**Requirement**
Should a picture appear anywhere in the data, omit it and copy everything else exactly.

====== Information shown

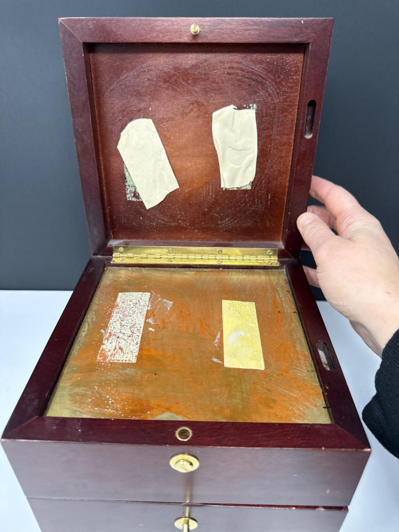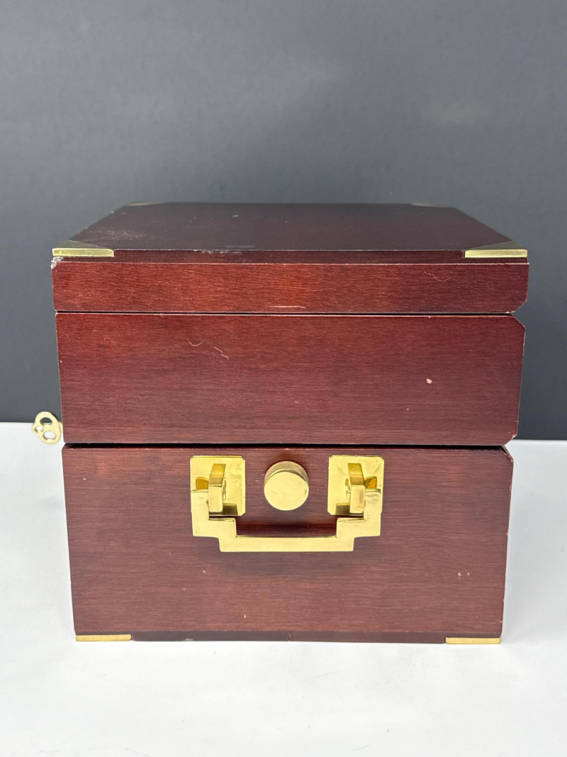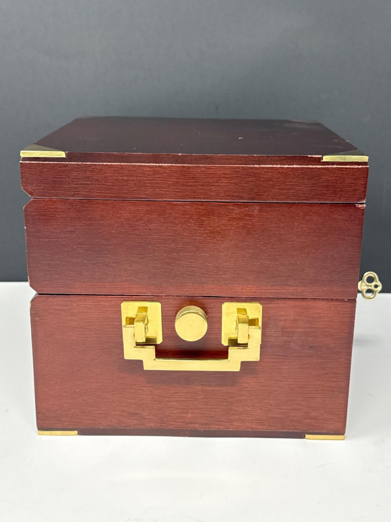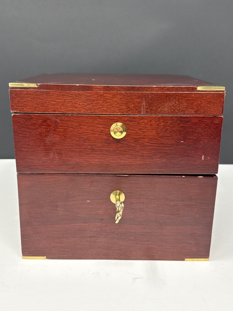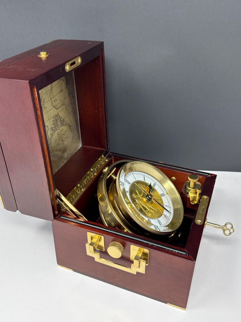 This Franklin Mint "500th Anniversary" Maritime Chronometer is a stunning tribute to the historic 1492 voyage of discovery. Encased in a rich wood display box, this gimbaled timepiece features elegant brass elements and a vintage-style map on the interior lid, capturing a true maritime and nautical-inspired design. While it remains a sophisticated collector's piece, it is in vintage, used condition, adding a sense of authentic character to its storied aesthetic. The box is pretty hefty! Possibly Mahogany wood?
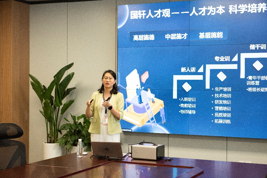 国轩高科中国业务板块总裁办公室中国业务HRBP高级经理薛晨菁从雇主品牌、职业规划、岗位类别为同学们介绍了国轩高科的运营模式、良好的工作环境,以及丰富的实习岗位。
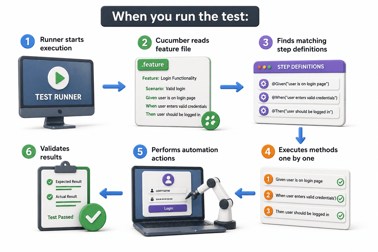 Step definitions = the actual driving instructions (how it happens)
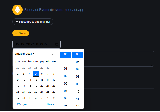 Pojawi się okienko do wpisów, jak na poniższym zdjęciu. Pierwsze dotyczy daty i godziny, a drugie z opisem "Content" służy do wpisania przez Ciebie informacji o nadchodzącej audycji. Gdy klikniesz na ikonkę kalendarza w okienku, możesz zaplanować wydarzenie.

============

**Your solution**
 This Franklin Mint "500th Anniversary" Maritime Chronometer is a stunning tribute to the historic 1492 voyage of discovery. Encased in a rich wood display box, this gimbaled timepiece features elegant brass elements and a vintage-style map on the interior lid, capturing a true maritime and nautical-inspired design. While it remains a sophisticated collector's piece, it is in vintage, used condition, adding a sense of authentic character to its storied aesthetic. The box is pretty hefty! Possibly Mahogany wood?
 国轩高科中国业务板块总裁办公室中国业务HRBP高级经理薛晨菁从雇主品牌、职业规划、岗位类别为同学们介绍了国轩高科的运营模式、良好的工作环境,以及丰富的实习岗位。
 Step definitions = the actual driving instructions (how it happens)
 Pojawi się okienko do wpisów, jak na poniższym zdjęciu. Pierwsze dotyczy daty i godziny, a drugie z opisem "Content" służy do wpisania przez Ciebie informacji o nadchodzącej audycji. Gdy klikniesz na ikonkę kalendarza w okienku, możesz zaplanować wydarzenie.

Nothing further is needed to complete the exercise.